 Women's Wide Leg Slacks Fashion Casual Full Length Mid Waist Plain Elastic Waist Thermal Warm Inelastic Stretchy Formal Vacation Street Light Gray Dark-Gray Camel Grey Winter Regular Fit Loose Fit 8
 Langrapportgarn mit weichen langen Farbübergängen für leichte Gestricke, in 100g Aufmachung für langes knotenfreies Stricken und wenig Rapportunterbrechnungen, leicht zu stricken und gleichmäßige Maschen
...
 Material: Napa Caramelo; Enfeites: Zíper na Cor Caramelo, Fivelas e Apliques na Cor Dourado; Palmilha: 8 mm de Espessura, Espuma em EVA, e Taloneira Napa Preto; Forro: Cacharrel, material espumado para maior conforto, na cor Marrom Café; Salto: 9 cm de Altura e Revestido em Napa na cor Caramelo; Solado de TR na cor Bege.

- [WHAT YOU HAVE TO DO]
Above are some records; copy exactly the lines from the one with "Women's Wide Leg" through the one with "Langrapportgarn mit weichen", both included, and no others.

- [RESPONSE AREA]
 Women's Wide Leg Slacks Fashion Casual Full Length Mid Waist Plain Elastic Waist Thermal Warm Inelastic Stretchy Formal Vacation Street Light Gray Dark-Gray Camel Grey Winter Regular Fit Loose Fit 8
 Langrapportgarn mit weichen langen Farbübergängen für leichte Gestricke, in 100g Aufmachung für langes knotenfreies Stricken und wenig Rapportunterbrechnungen, leicht zu stricken und gleichmäßige Maschen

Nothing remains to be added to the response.